Interestingly, an input to this process of constitutionalisation is increasingly originating from civil society actors. Over the past few years, a significant number of ‘declarations’ or ‘bills of rights’ have been proposed to articulate constitutional rights and principles in a way that would reflect and address the challenges of the digital age (Redeker et al. 2018; Yilma 2021; Celeste 2022a). This phenomenon has been described in terms of emergence of a movement of ‘digital constitutionalism’ (Redeker et al. 2018; Padovani and Santaniello 2018; Suzor 2018; Celeste 2019a; Pollicino 2021; De Gregorio 2021; Celeste 2022a). These documents do not represent legally binding texts, yet they often adopt the ‘lingua franca’ of constitutional law (Celeste 2022a). Singularly taken, the contribution of these documents from a constitutional law perspective is limited. However, regarded as a comprehensive movement composed by a plurality of initiatives, these civil society efforts have so far nourished a conversation on which values and principles should govern the digital ecosystem (Celeste 2022a, Chap. 8). These declarations promote an update and re-articulation of core principles of contemporary constitutionalism, rather than a complete re-writing of norms. They do not aim to subvert the DNA of contemporary constitutionalism, but rather to ‘generalise and respecify’ its core values in light of the mutated social reality where we live (Celeste 2022b).

In this context, the social media environment emerges as a laboratory of new ideas. Internet bills of rights often include principles that explicitly address common challenges of online content moderation and could help develop platform standards that are more in line with fundamental rights. These documents represent a voice often unheard. The closest one to the users, whose opinion is way far neglected in the context of the content governance dilemma, being them subject to private standards or public laws without having the possibility to express how they think their fundamental freedoms should be articulated and balanced on online platforms.

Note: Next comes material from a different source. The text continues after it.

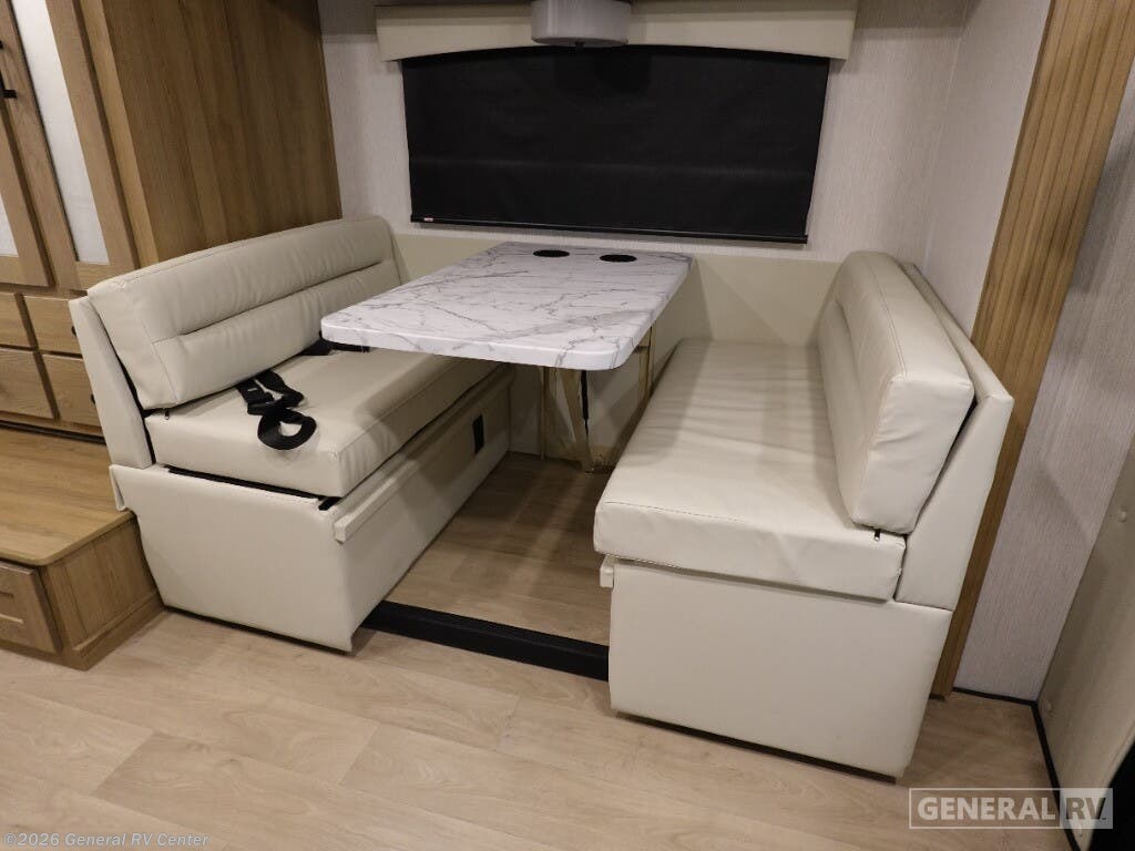 Step into the 2025 NeXus RV Triumph Sport 24TS, where adventure meets comfort in a beautifully compact design. This RV is built on the robust Ford E350 chassis, offering 325 horsepower and 450 torque, making it a powerful companion for all your road trips. With a length of 25 feet, it's perfectly sized for both city streets and open highways. The floorplan is thoughtfully designed with a front living area that invites relaxation, while the center kitchen becomes the heart of your travels, featuring a full-size electric refrigerator, convection cooking, and a three-burner cooktop to whip up your favorite meals on the go. Inside, the Triumph Sport 24TS comfortably sleeps up to six, with a queen bed, a full-size convertible bed, and additional sleeping space in the dinette area. The rear bath provides privacy and convenience with a shower curtain setup. Enjoy the outdoors with the powered retractable awning, perfect for creating shaded retreats wherever you park. With a 40-gallon fresh water capacity and ample gray and black water storage, your journey is as self-sufficient as it is exciting. For more details or to experience this RV in person, visit your nearest General RV dealership.

Internet bills of rights do not claim to become cosmopolitan constitutions for the social media environment but provide an impulse to the conversation on how to instil constitutional values within online platforms standards. Despite the evocative image that the concept of ‘constitutionalisation’ brings to mind, there are no founding fathers—or mothers—sitting in the same room for days that aim to define a single constitution for social media. The process of constitutionalisation of this environment reflects the complex, global and plural scenario in which online platforms operate. Online content governance rules are being fertilised by a multistakeholder constitutional input. An aerial view on this phenomenon witnesses multiple, simultaneous processes of ‘parallel’ or ‘collateral’ constitutionalisation that are currently ongoing (Celeste et al. 2022b; Celeste 2019a, 2022a, 2022b). Civil society’s Internet bills of rights may be regarded as one of the inputs that contribute to shaping this plural phenomenon. The online content governance dilemma might not be solved by choosing to stick to private rules or refer to national or international law: the ultimate solution might be a combination of these options. The conversation on digital constitutionalism is polyphonic, nourished by a plurality of voices, also emerging from below. Internet bills of rights work as a linking element that help connect, complement and stimulate these various normative dimensions to find answers to the challenges of online platforms (Celeste 2022a, Chap. 8).